- Title: IRAQ: Iraq new flag raised over parliament for first time
- Date: 5th February 2008
- Summary: FLAG FLYING WITH OFFICIALS GATHERED
- Embargoed: 20th February 2008 12:00
- Keywords:
- Location: Iraq
- Country: Iraq
- Topics: Domestic Politics
- Reuters ID: LVADT4H56K42U6EFK6TRDIASDV50
- Story Text: Iraq's temporary new national flag was raised over the country's parliament for the first time on Tuesday (February 5) in a symbolic break with the past, but many ordinary Iraqis remain unhappy their old banner has been replaced.
Prime Minister Nuri al-Maliki presided over the flag-raising outside his offices in central Baghdad's heavily fortified Green Zone during a ceremony watched by cabinet members and leading dignitaries.

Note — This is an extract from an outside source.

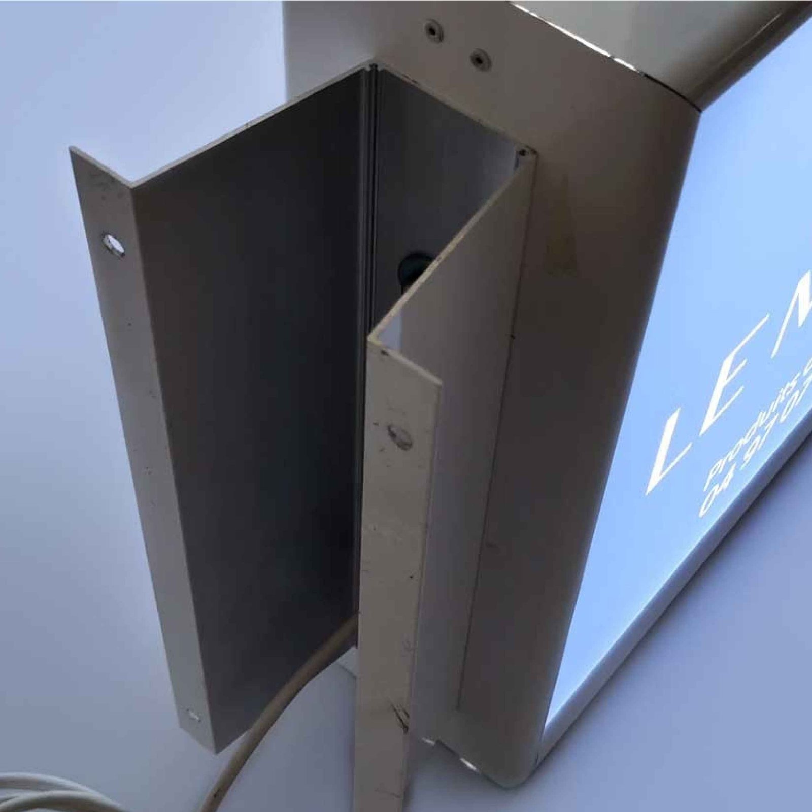 L’enseigne lumineuse double face de SecretPrint est un excellent choix pour attirer l’attention sur votre entreprise de manière efficace, de jour comme de nuit. Cette enseigne est constituée d’une structure robuste en aluminium laqué en blanc ou en noir, avec deux plaques de plexiglas de 3 mm d’épaisseur de chaque côté. Les plaques de plexiglas offrent une touche lumineuse, créant une visibilité accrue, même lorsque la lumière naturelle est absente.Cette enseigne est conçue pour une installation facile, ne nécessitant qu’une clé, une perceuse et un tournevis. Elle est adaptée pour une utilisation intérieure ou extérieure et est fabriquée dans des ateliers de signalisation de qualité professionnelle pour garantir une durabilité exceptionnelle.Facilité d’Installation / Structure Robuste / Durabilité des Encres / Économie d’Énergie / Tailles Limitées

"It is one of the steps towards boosting ties and eradicating the traces of the past, which is connected with a lot of suffering, blood, chemical weapons, mass graves, the Anfal and sufferings and political adventures, which was regrettably committed under this banner," Maliki told reporters after the flag raising ceremony.
Last month parliament agreed to adopt the new flag, which is very similar to the old one, in a move long demanded by the country's Kurdish minority who said the old banner was a reminder of the brutality of Saddam Hussein's rule.
Kurdish officials had refused to fly the old flag which was banned in Iraq's largely autonomous northern Kurdistan region.
However, officials in at least one city, Falluja in western Anbar province and once a Sunni Arab insurgent stronghold, said they would not fly the new flag.
The new flag, which has been approved for a year after which a permanent replacement will be chosen, looks much like the old one, first flown after the coup by Saddam's Baath party in 1963.
It is still red, white and black, but three green stars in the centre representing unity, freedom and socialism, the motto of Saddam's now outlawed Baath party, have been removed.